Copy nothing but the lines below running from the line containing "Mary Glory i" through the line containing "Per primera vegada", both end lines included.

*** Records provided ***

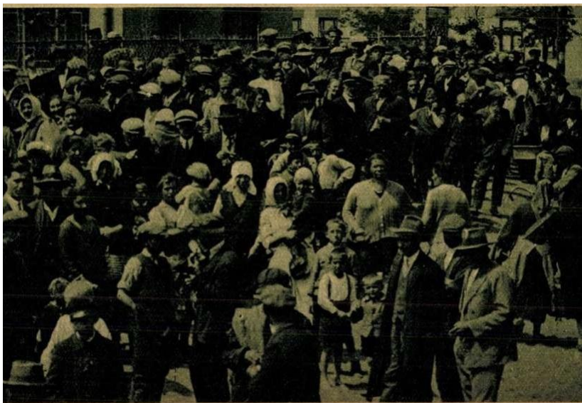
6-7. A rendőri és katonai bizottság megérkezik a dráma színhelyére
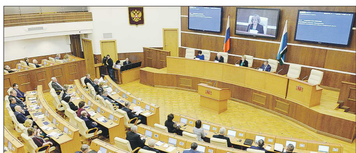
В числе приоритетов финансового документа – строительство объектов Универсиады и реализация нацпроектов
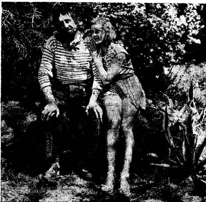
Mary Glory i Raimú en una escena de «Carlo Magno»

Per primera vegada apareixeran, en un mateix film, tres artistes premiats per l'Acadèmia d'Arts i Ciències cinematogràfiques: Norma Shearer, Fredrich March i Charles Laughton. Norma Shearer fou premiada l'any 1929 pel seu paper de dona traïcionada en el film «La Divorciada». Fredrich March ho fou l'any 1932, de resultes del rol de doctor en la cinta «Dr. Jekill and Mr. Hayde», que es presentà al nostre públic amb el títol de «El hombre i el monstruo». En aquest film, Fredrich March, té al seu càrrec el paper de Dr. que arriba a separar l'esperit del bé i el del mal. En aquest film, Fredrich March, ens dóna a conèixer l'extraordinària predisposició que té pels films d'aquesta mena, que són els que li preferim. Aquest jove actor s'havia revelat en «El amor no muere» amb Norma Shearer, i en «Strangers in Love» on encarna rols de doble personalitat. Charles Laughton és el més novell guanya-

*** End of Records provided ***
*** Records provided ***

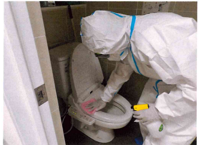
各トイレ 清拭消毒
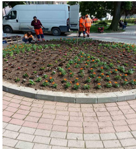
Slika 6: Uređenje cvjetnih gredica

*** End of Records provided ***
*** Records provided ***

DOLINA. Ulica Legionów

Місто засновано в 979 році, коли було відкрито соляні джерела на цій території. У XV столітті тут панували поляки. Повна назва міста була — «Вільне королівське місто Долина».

*** End of Records provided ***

## Exercise solution
Mary Glory i Raimú en una escena de «Carlo Magno»

Per primera vegada apareixeran, en un mateix film, tres artistes premiats per l'Acadèmia d'Arts i Ciències cinematogràfiques: Norma Shearer, Fredrich March i Charles Laughton. Norma Shearer fou premiada l'any 1929 pel seu paper de dona traïcionada en el film «La Divorciada». Fredrich March ho fou l'any 1932, de resultes del rol de doctor en la cinta «Dr. Jekill and Mr. Hayde», que es presentà al nostre públic amb el títol de «El hombre i el monstruo». En aquest film, Fredrich March, té al seu càrrec el paper de Dr. que arriba a separar l'esperit del bé i el del mal. En aquest film, Fredrich March, ens dóna a conèixer l'extraordinària predisposició que té pels films d'aquesta mena, que són els que li preferim. Aquest jove actor s'havia revelat en «El amor no muere» amb Norma Shearer, i en «Strangers in Love» on encarna rols de doble personalitat. Charles Laughton és el més novell guanya-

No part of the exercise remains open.